Scripts may either be for a stand-alone short film or a proof-of-concept intended to sell a television series or feature film. If your script has been co-written, written by an outside writer or has been adapted from existing materials, the participant will need to submit the appropriate releases with their application. For more info, please visit our “How to Apply” page.


Equipment pick-up and drop-off times are specified. Participants are responsible for damaged and missing equipment. AFI provides limited insurance and requires shooting/location permits, in compliance with AFI SAG-AFTRA agreements and other production paperwork.

Because the DWW is designed to prepare participants for professional success, all projects must be produced within the parameters of AFI policies. Complete production details will be explained to participants during the orientations and throughout the workshop.

DWW participants will direct a short narrative project. AFI does not provide crew for these projects and the full responsibility for production will lie with the participant. However, there are many opportunities for participants to meet AFI Fellows — the graduate film students of the AFI Conservatory — who have completed films within similar parameters and who offer a rich resource for participants looking to fulfill their crew needs.

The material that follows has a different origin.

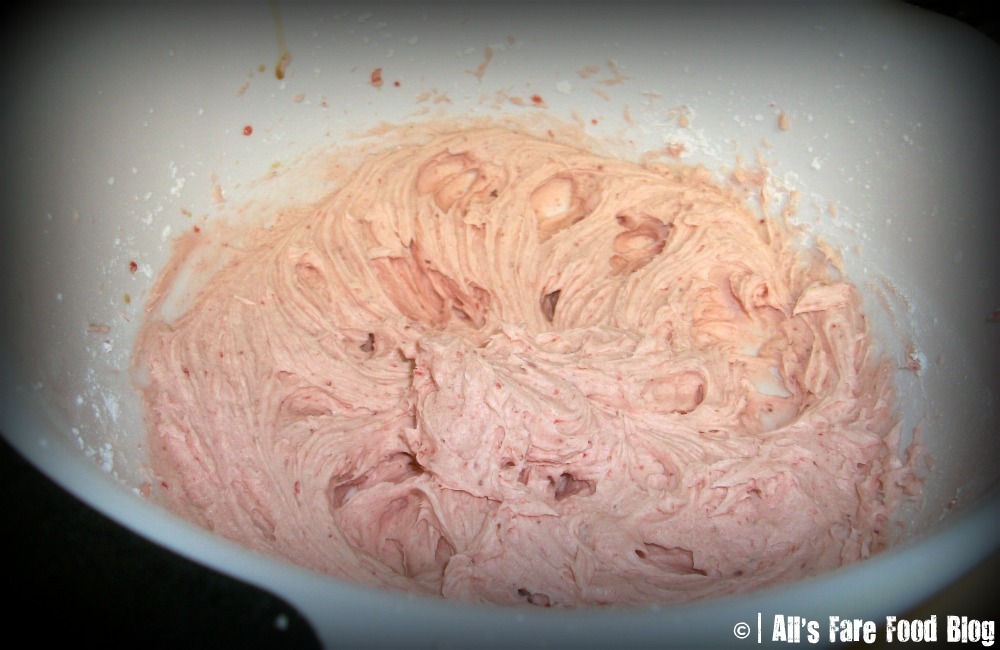Start by beating the butter until soft. Then, add in 3 cups of powdered sugar and blend. Add the strawberry puree to the mixture and beat until combined. Next, add the vanilla and mix. Add more powdered sugar until the frosting is to the consistency that you like.

Production will take place in the Los Angeles area (within the 30-mile studio zone) during the month of July. Productions will be scheduled within a very strict time frame. Participants will have the opportunity to select production dates from a list of available times in advance. Production is then permitted only during the specific dates assigned to each project.

Editing must be completed within 30 days of shoot wrap. Although participants may be given access to AFI editing facilities, participants may also choose to edit at an outside facility. Outside editing facilities must be approved in advance. Schedules are strictly monitored and all participants are required to screen cuts of their film for evaluation of progress. Some areas of post-production, such as mixing, will need to be done outside AFI at the production’s expense.

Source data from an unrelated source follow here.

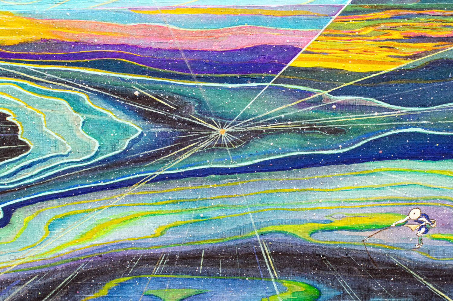 Acrylic, Phosphorescent pigment, Chameleon pigment, Mineral pigments, Pyrography, Pen, 24K gold leaf, on reclaimed wood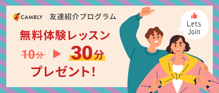 Camblyのオンライン英会話に興味をお持ちの方は、ぜひこの機会にお友達と一緒にお得にご利用ください!
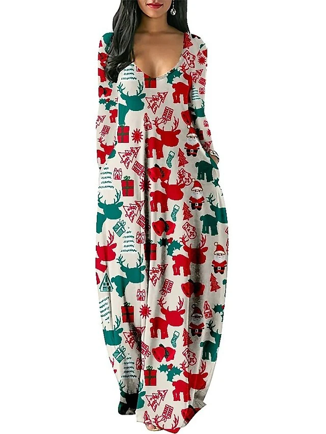 Women’s Christmas Swing Dress Green Wine Light Red Long Sleeve Snowman Print Winter Fall Autumn Deep U Modern Weekend 2022 S M L XL 2XL 3XL

Final projects must be no longer than 10 minutes, including credits.

Participants are not allowed to act in, shoot or edit their films.

AFI owns the copyright to the projects produced within DWW, but not to the intellectual property of the project. The participants are able to develop the projects into other formats beyond DWW including but not limited to feature films, television series or digital projects.

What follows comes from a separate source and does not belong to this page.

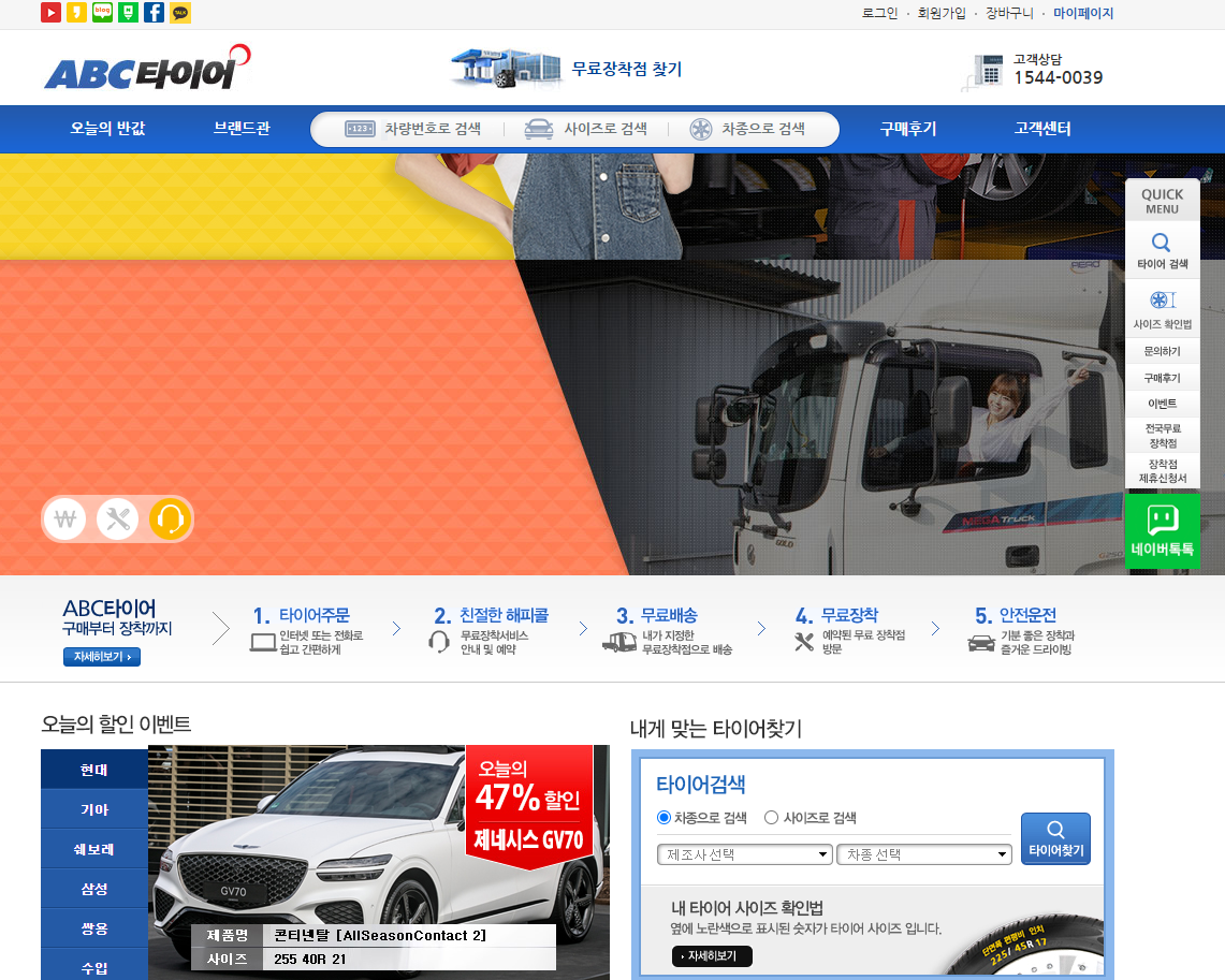 ABC 타이어는 전국에 무료 장착점이 있어서, 주문하고 배송에 장착까지 한 번에 쉽게 할 수 있어서 좋습니다.

The DWW is a tuition-free program, but participants must have the financial means to dedicate full-time concentration to the workshop and the production of their films. This may preclude participants’ ability to work full-time for approximately four months (May–August) when the DWW project has reached picture lock.

Participants may raise up to $25,000 in support of their productions. All participants must be fully funded by the beginning of the Intensive in May. Funds raised for an individual production are considered a donation to the American Film Institute, and a letter regarding the donation to a nonprofit arts organization will be provided to each donor.

Many of our participants reach their funding goals through a combination of crowdfunding, matching grants and individual donations. The DWW provides classes on fundraising in January and has an exclusive crowdfunding relationship with Seed&Spark. Through them, we offer personal mentorship throughout the crowdfunding process.

We welcome participants from outside the Los Angeles area but AFI does not provide housing or transportation to participants.

Lunch will be provided for any in-person class days during the May Intensive.